Point2Graph: An End-to-end Point Cloud-based 3D Open-Vocabulary Scene Graph for Robot Navigation

Yifan Xu,Ziming Luo,Qianwei Wang,Vineet Kamat,Carol Menassa
2024-09-16
Abstract:Current open-vocabulary scene graph generation algorithms highly rely on both 3D scene point cloud data and posed RGB-D images and thus have limited applications in scenarios where RGB-D images or camera poses are not readily available. To solve this problem, we propose Point2Graph, a novel end-to-end point cloud-based 3D open-vocabulary scene graph generation framework in which the requirement of posed RGB-D image series is eliminated. This hierarchical framework contains room and object detection/segmentation and open-vocabulary classification. For the room layer, we leverage the advantage of merging the geometry-based border detection algorithm with the learning-based region detection to segment rooms and create a "Snap-Lookup" framework for open-vocabulary room classification. In addition, we create an end-to-end pipeline for the object layer to detect and classify 3D objects based solely on 3D point cloud data. Our evaluation results show that our framework can outperform the current state-of-the-art (SOTA) open-vocabulary object and room segmentation and classification algorithm on widely used real-scene datasets.
Robotics,Artificial Intelligence,Computer Vision and Pattern Recognition
What problem does this paper attempt to address?

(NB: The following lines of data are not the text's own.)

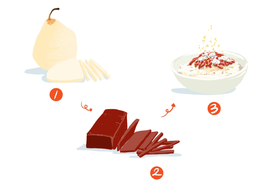 1. 雪花梨去皮切小指寬的粗條,泡冰水備用;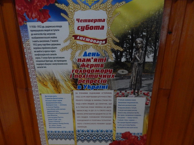 Багато літ пройшло. Здавалося би, можна й забути, але в серці кожного з нас живе і буде жити вічна пам'ять про найкривавішу трагедію людства – Голодомор на Україні 1932-1933 років. Четверта неділя листопада ще раз закликає кожного згадати ті трагічні дні та помолитися за кожну безвинно загублену душу.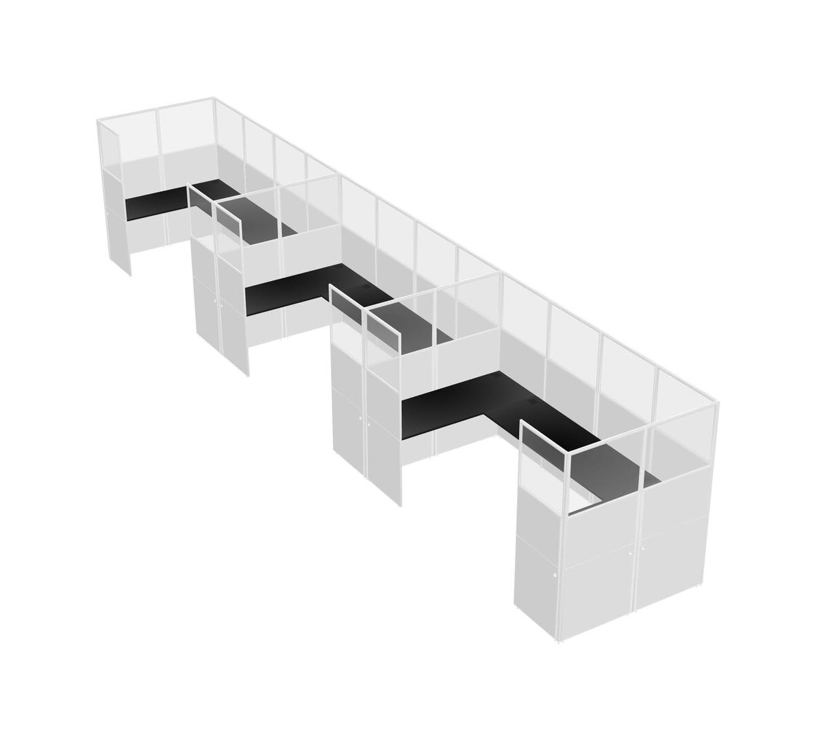 Black U-shaped Panel System For 3 Person For 3 User(s)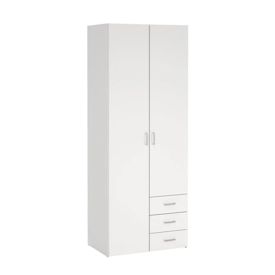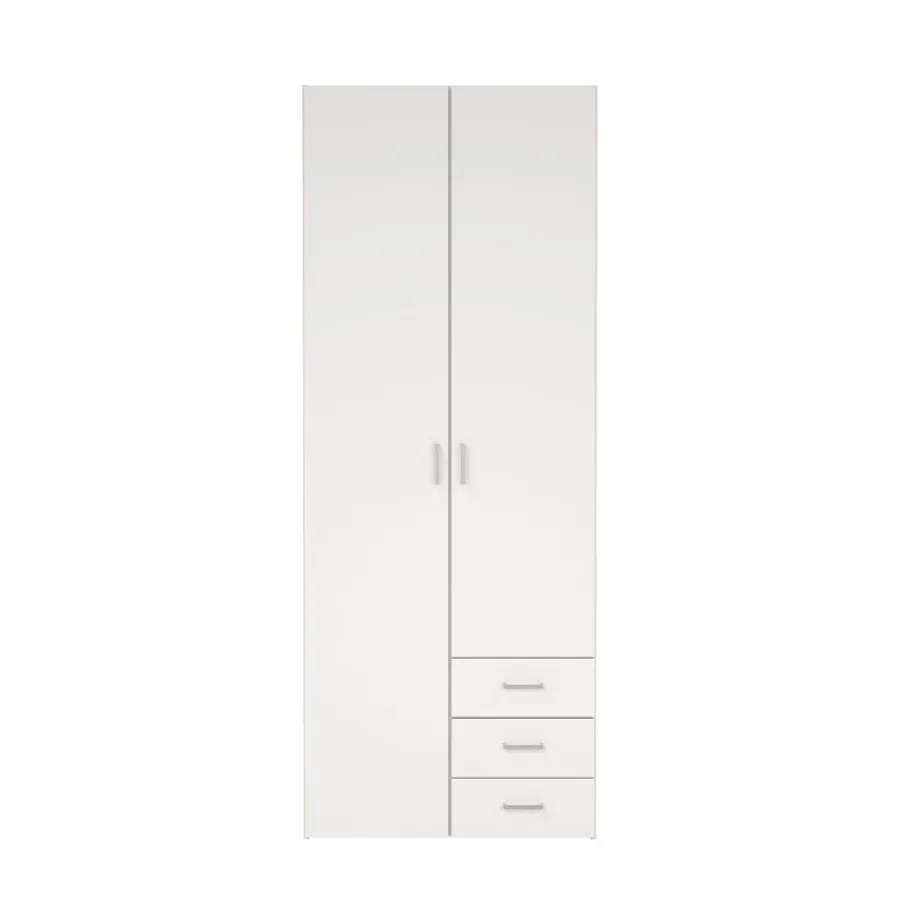 Kledingkast Harper is een praktische toevoeging voor elke kamer. Achter de deuren vind je een handige indeling: aan de ene kant een roede om al je kleding netjes op te hangen met erboven een plank en daarnaast drie legplanken voor extra opbergruimte. Verder zijn er ook nog 3 lades en zo berg je alles overzichtelijk op, en is jouw kamer altijd netjes.

The paper attempts to address the issue of dependency on registered RGB-D image sequences when generating open-vocabulary 3D scene graphs in robot navigation. Current open-vocabulary scene graph generation algorithms heavily rely on 3D scene point cloud data and registered RGB-D images, which limits their application in the absence of RGB-D images or camera pose information. To solve this problem, the authors propose the Point2Graph framework, a new method for generating open-vocabulary 3D scene graphs based solely on point cloud data, eliminating the need for registered RGB-D images. Specifically, the Point2Graph framework includes room detection/segmentation and classification as well as object detection/segmentation and classification. For the room layer, the authors combine geometric boundary detection algorithms with learning-based region detection methods to segment rooms and create a "Snap-Lookup" framework for open-vocabulary room classification. At the object layer, the authors developed an end-to-end pipeline that uses only 3D point cloud data to detect and classify 3D objects. Experimental results show that this framework outperforms current state-of-the-art open-vocabulary object and room segmentation and classification algorithms on widely used real-world scene datasets.